= Problem to solve =
Nothing but the lines below from the one with "关于能源行业短路试验技术标委会2020年招募工作组成员的通知" through the one with "FTX 거래소 투자자이자" should be output, each exactly as given, and no pictures.

#### Material for this task ####

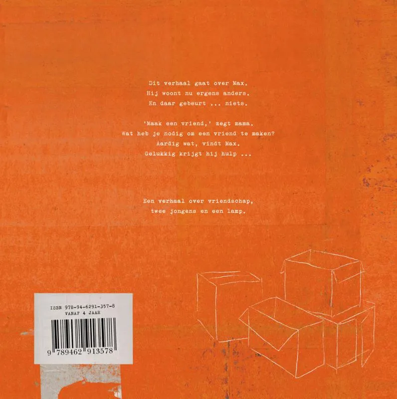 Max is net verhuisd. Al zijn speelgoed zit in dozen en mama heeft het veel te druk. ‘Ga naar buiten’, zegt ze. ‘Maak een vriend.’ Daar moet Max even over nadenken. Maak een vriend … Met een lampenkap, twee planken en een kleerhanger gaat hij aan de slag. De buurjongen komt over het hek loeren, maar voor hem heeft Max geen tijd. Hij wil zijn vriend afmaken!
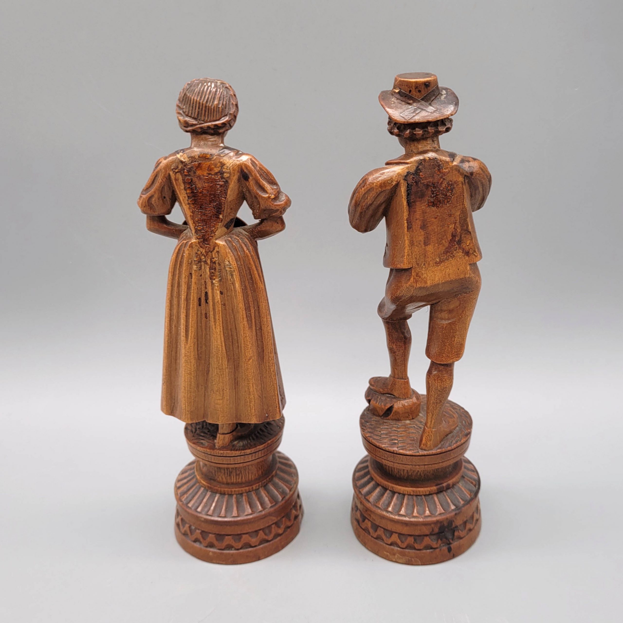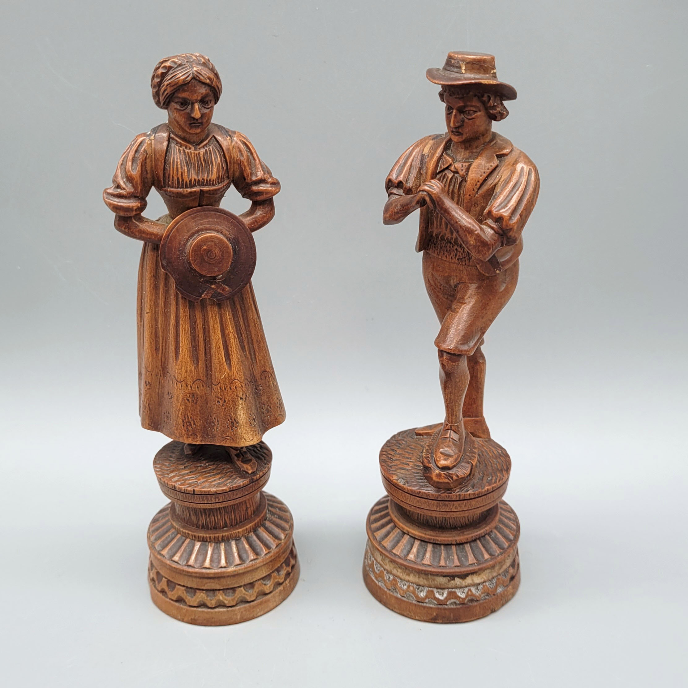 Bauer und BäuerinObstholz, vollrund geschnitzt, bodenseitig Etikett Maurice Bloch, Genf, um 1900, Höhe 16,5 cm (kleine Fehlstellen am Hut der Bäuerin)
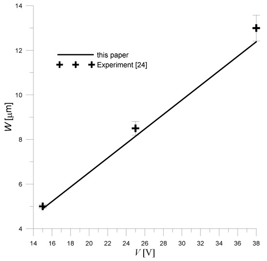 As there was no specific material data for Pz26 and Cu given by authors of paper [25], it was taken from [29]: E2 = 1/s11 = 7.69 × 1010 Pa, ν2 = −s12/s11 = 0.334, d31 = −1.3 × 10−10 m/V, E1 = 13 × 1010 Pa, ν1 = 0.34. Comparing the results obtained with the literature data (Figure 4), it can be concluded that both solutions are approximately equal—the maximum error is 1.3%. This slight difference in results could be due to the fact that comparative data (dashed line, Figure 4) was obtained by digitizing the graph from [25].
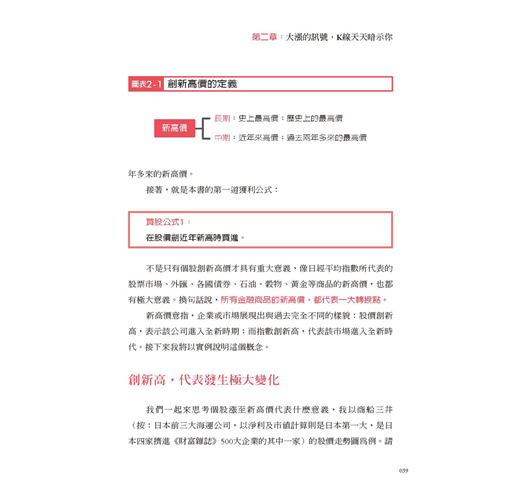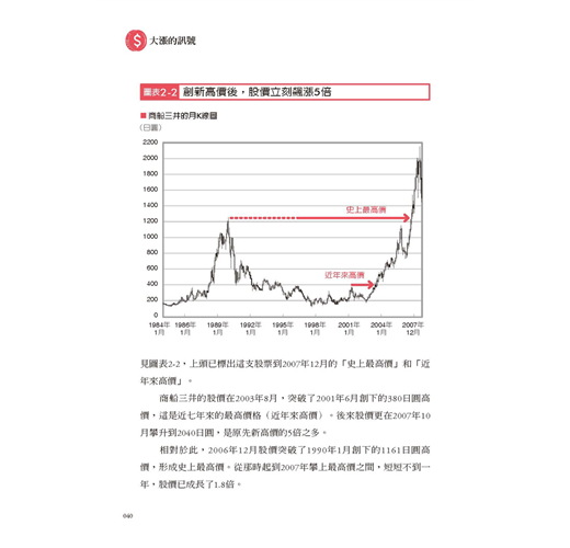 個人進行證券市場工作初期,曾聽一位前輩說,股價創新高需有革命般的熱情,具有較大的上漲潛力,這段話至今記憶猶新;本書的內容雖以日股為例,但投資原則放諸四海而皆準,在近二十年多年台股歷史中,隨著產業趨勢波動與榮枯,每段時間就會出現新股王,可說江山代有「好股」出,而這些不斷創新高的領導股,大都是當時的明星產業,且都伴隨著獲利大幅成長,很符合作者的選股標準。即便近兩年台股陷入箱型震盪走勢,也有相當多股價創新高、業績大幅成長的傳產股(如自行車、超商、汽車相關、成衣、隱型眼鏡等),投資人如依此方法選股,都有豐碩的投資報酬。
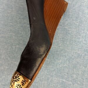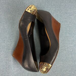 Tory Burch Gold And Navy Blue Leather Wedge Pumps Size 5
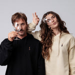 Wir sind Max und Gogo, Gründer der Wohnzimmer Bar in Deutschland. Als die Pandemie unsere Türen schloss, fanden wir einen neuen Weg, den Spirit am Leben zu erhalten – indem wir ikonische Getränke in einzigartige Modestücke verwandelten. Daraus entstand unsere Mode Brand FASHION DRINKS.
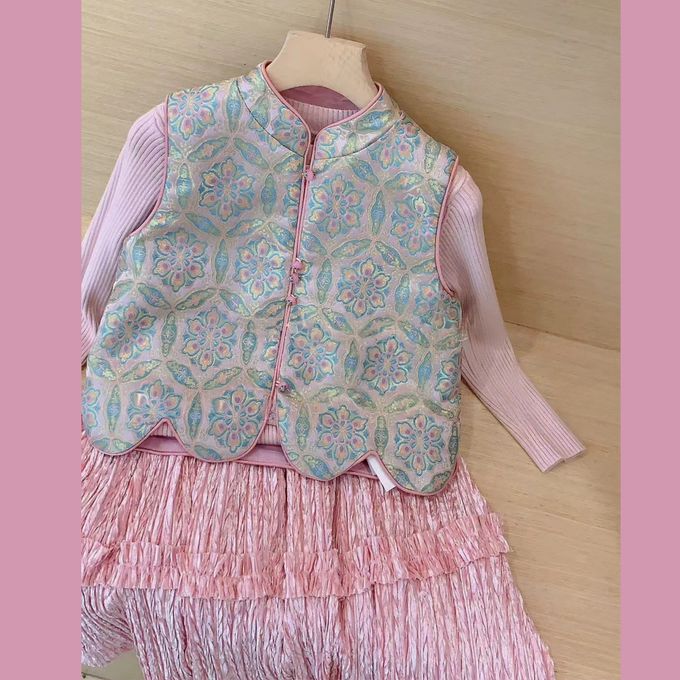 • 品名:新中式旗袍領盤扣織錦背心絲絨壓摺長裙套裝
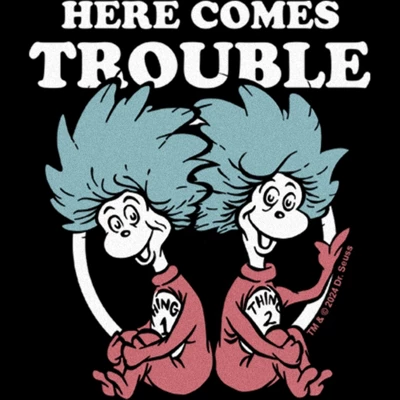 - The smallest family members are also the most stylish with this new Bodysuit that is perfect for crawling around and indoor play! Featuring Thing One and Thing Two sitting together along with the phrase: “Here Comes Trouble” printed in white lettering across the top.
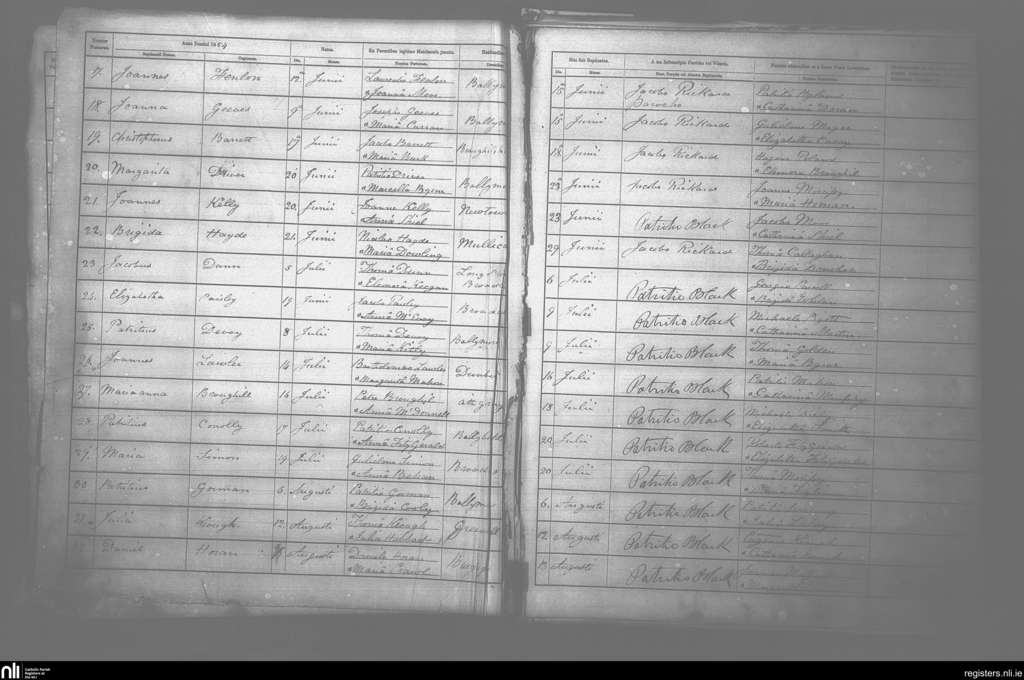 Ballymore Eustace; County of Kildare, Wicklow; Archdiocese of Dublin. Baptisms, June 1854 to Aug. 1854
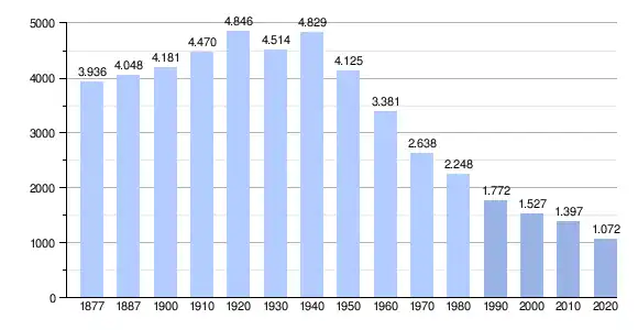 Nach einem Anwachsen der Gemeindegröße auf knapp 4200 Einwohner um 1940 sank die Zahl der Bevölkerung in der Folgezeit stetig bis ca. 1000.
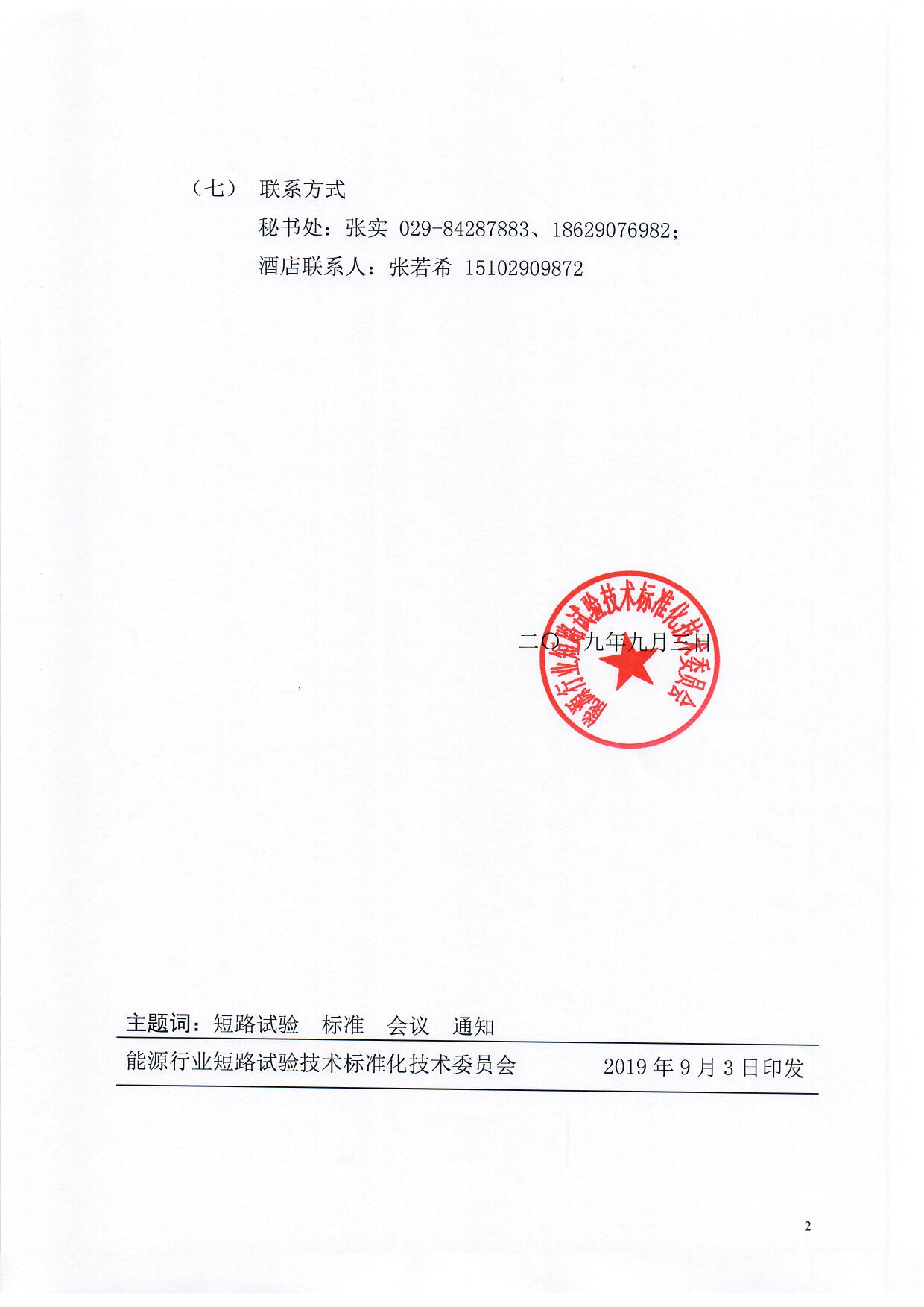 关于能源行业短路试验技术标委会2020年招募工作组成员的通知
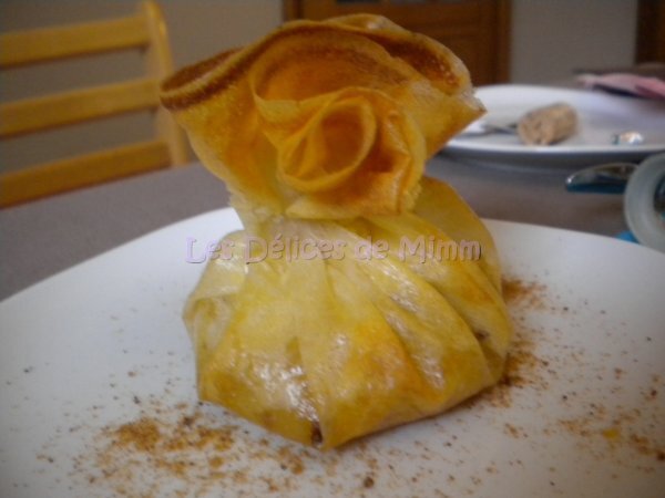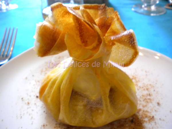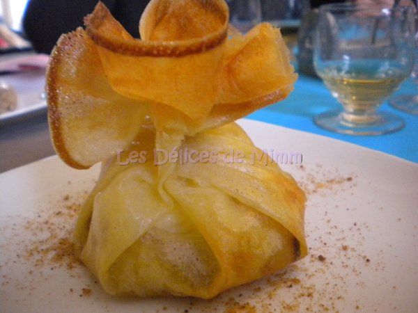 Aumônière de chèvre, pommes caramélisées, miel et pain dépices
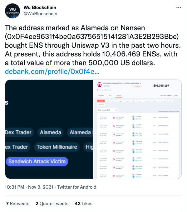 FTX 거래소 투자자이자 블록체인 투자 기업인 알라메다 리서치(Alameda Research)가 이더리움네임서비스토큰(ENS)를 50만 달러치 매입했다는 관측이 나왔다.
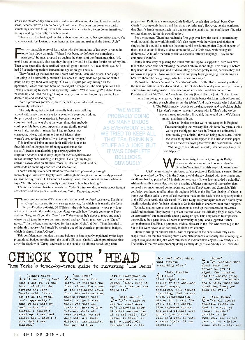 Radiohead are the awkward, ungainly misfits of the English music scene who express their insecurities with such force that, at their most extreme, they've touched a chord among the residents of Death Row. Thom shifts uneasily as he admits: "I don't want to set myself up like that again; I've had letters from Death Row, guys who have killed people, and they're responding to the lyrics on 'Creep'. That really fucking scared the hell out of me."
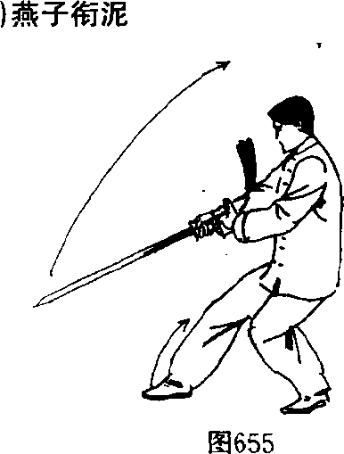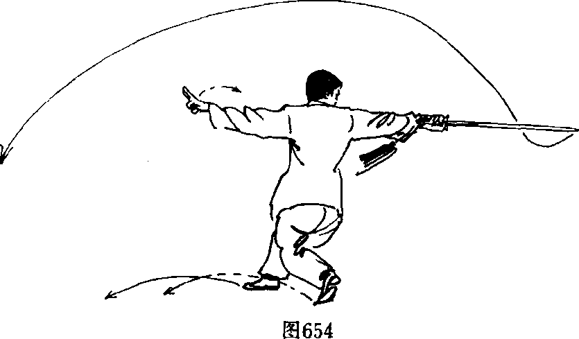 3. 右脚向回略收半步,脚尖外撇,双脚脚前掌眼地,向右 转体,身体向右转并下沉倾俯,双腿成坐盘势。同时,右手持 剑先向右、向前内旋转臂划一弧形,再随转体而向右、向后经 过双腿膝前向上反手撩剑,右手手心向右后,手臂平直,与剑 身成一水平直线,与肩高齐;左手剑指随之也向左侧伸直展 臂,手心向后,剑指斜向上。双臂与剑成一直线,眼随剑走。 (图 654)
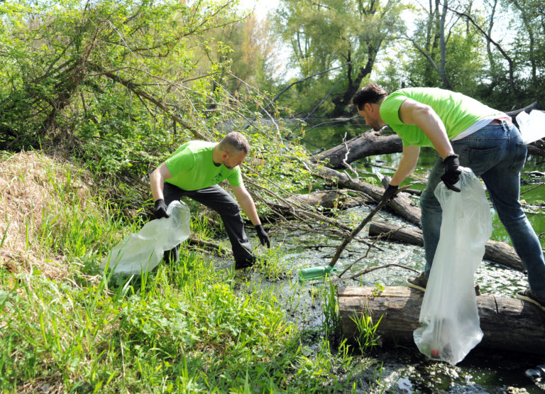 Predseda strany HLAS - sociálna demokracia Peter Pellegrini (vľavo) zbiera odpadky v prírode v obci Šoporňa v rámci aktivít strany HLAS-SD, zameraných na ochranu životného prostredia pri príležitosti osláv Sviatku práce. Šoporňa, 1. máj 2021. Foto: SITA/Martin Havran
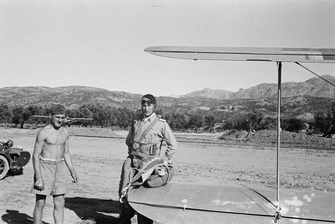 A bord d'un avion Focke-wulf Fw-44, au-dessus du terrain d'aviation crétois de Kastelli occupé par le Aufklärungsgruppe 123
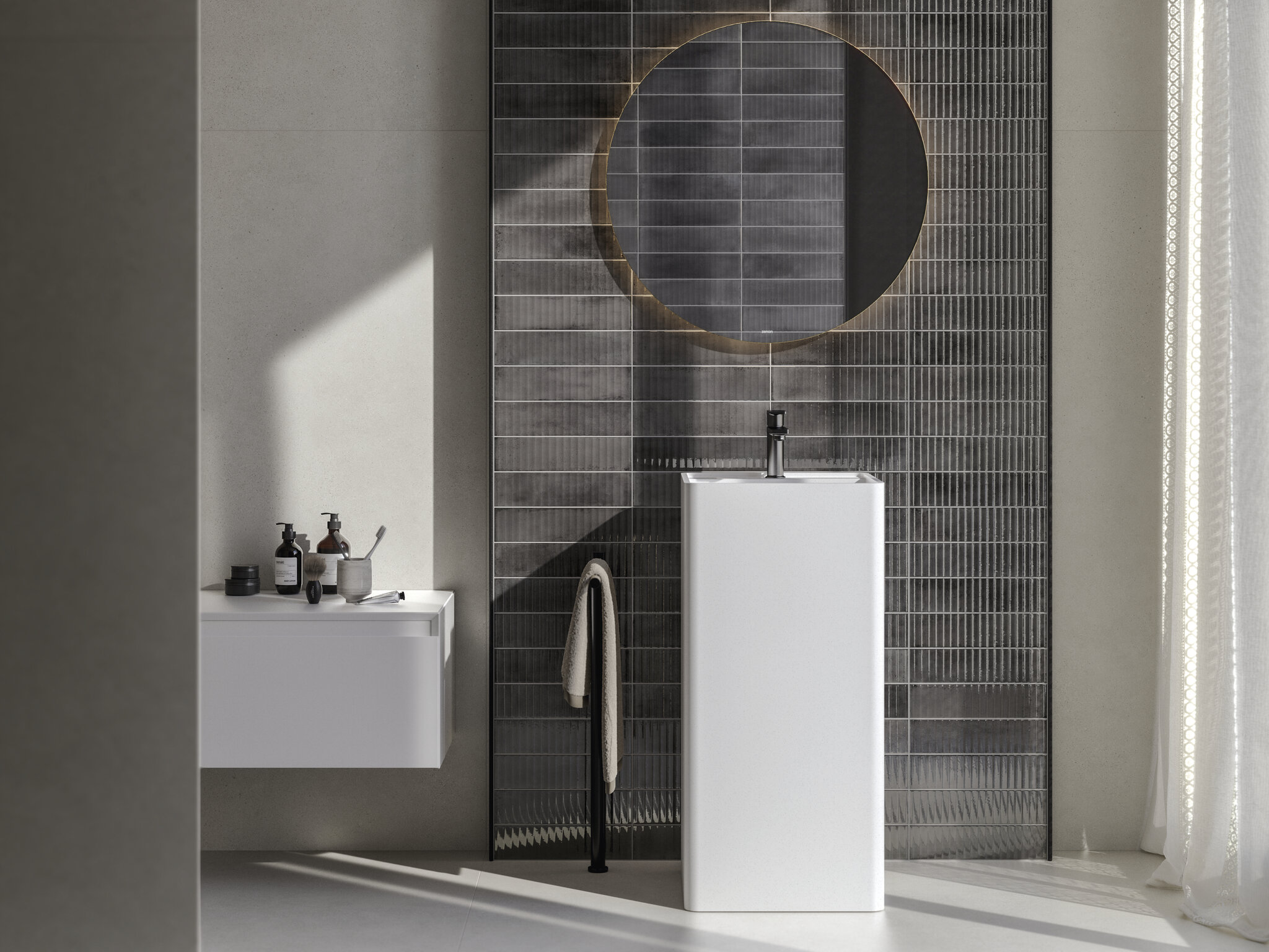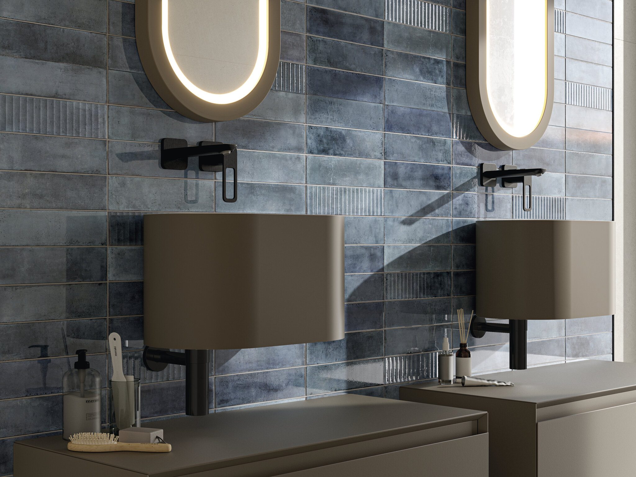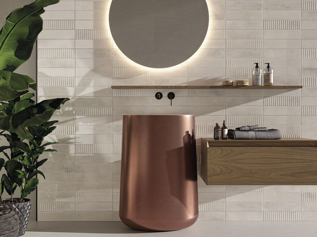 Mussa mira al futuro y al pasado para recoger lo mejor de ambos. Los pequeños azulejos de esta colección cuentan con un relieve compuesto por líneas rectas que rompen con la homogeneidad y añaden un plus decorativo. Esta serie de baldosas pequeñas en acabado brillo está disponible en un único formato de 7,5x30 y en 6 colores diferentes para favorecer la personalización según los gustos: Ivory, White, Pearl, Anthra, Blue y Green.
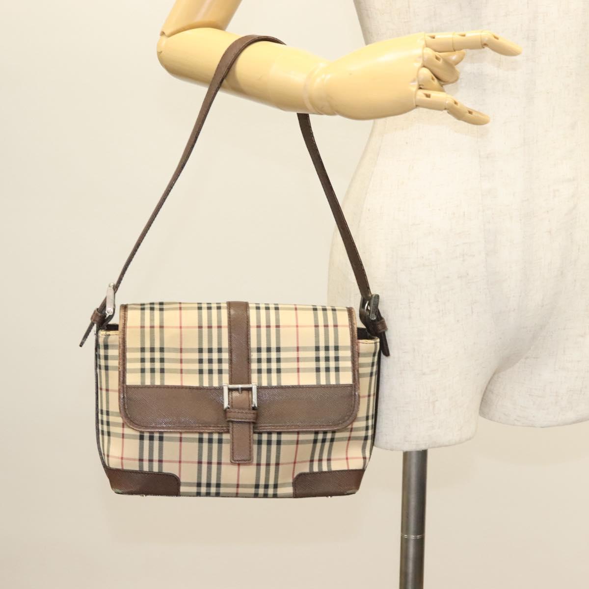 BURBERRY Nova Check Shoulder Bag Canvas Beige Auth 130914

####

= Your solution =
 关于能源行业短路试验技术标委会2020年招募工作组成员的通知
 Aumônière de chèvre, pommes caramélisées, miel et pain dépices
 FTX 거래소 투자자이자 블록체인 투자 기업인 알라메다 리서치(Alameda Research)가 이더리움네임서비스토큰(ENS)를 50만 달러치 매입했다는 관측이 나왔다.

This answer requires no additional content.